A то, что он затем будет излучать в мир, освятит всю его жизнь и выведет культуру навстречу истинному христианству.

I. Раны

1. Жизнь без святыни

Жизнь без святыни есть первое большое бедствие нашего времени.

Незаметно лишается наша жизнь святынь. Порой мы даже не подозреваем, когда это начинается и как это происходит; мы как-то забываем об этом, совершенно не думая об опасности, и вдруг – свершилось. Многие из нас этого не замечают. А если вдруг замечают, то немало удивляются и даже печалятся, так как никто не хотел этого и не может сказать, как стал этому виной. А вина-то как раз заключается не в деянии, а в небрежении и упущении: мы не сумели, не захотели взлелеять в себе противоположное – духовную полноту и глубину жизни.
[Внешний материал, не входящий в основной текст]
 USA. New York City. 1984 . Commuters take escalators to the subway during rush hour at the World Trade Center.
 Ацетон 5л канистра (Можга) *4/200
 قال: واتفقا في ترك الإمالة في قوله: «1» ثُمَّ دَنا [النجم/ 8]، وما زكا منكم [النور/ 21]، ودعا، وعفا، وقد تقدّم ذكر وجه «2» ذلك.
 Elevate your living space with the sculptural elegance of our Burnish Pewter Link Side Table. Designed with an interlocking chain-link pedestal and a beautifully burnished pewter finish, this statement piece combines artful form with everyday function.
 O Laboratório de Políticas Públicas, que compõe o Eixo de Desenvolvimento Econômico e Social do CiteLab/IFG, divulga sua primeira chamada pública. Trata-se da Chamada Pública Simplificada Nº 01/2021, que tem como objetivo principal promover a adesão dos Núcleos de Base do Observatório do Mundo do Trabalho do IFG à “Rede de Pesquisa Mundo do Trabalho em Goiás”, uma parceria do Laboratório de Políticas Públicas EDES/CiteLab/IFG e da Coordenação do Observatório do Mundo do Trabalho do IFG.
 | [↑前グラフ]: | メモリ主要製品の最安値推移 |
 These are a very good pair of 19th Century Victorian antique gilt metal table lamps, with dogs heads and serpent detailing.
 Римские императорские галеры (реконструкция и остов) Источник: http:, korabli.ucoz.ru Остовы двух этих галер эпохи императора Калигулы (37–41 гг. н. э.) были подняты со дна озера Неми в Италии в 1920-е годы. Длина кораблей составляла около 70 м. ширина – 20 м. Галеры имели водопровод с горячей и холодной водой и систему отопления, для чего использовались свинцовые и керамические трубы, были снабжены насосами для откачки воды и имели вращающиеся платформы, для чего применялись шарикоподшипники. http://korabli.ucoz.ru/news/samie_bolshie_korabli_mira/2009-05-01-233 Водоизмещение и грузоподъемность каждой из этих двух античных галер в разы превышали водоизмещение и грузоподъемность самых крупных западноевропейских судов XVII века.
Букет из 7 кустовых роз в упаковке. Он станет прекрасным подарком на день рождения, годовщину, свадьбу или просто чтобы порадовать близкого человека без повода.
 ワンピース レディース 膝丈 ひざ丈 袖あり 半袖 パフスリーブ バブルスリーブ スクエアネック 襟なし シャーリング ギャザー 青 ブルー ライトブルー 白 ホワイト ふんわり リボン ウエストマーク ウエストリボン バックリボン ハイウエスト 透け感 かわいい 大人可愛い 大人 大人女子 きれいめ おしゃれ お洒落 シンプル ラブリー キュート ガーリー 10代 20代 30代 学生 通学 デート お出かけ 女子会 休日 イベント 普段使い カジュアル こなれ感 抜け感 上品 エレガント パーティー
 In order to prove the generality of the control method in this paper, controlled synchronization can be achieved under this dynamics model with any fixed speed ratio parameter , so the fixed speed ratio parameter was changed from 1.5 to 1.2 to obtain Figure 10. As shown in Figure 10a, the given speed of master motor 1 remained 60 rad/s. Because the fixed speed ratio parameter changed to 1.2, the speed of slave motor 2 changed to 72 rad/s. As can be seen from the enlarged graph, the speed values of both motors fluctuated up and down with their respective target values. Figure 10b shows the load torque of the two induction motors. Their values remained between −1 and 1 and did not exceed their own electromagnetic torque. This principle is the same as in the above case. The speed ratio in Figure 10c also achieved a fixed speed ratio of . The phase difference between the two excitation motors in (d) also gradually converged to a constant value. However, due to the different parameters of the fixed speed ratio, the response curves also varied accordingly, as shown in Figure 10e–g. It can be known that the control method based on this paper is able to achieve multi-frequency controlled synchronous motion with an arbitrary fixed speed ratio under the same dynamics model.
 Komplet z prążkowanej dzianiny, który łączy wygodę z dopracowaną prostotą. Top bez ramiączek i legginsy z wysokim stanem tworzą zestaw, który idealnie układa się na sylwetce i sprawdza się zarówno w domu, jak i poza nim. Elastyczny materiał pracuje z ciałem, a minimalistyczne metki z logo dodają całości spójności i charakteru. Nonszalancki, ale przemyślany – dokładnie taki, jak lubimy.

Ведь наша земная жизнь имеет свой сокровенный, высший смысл. Он – не на поверхности повседневности и мелочной суеты. Он не притязает и не принуждает. On хочет быть желаемым: свободно сформулированным, искомым, найденным, обладаемым и тщательно оберегаемым. Он требует от нас непринужденного признания и решительного предпочтения. Только тогда он раскроется нам легко и щедро, наполнит собою нашу жизнь. Если же мы не удовлетворим этому требованию, не отзовемся на его запросы, искания и надежду на поддержку, тогда ускользнет от нас высший смысл жизни и наступит незаметно осквернение ее. И не потому, что она станет бессмысленной сама по себе, а потому, что мы начнем жить так, как если бы она была бессмысленной. В реальности все останется прежним, точнее – извечным. Все – от капли дождя до грациозной серны, от птичьего щебета до тихой материнской любви, от северного сияния до геройской смерти исповедника – все остается полным смысла, дивно устроенным, субстанционально насыщенным, проникнутым Божиим дыханием. Все в самом себе укоренено, все останется Божественным текстом, начертанным священными письменами; все есть Божья ткань, сотканная из нитей мудрости; все суть таинственная музыка, выдержанная в чистой тональности и раскрепощающей душу гармонии. Но мы, уже не знающие более об этом, а точнее – не желающие знать, ведем себя так, словно сорвались с цепи и пустились во все тяжкие. Мы уже не разбираем этот текст; мы разорвали эту вечную ткань; мы стали глухи к этой музыке. Результат стал очевидным: мы извратили наше существование. И вся наша жизнь стала пугающе фатальным недоразумением, «трагедией ошибок»; стала субъективно бессмысленной, пошлой и мертвой, уподобляясь то прозябанию жалкого существа и отродья, то вялому сползанию вниз, то полному банкротству, то хаотической свалке.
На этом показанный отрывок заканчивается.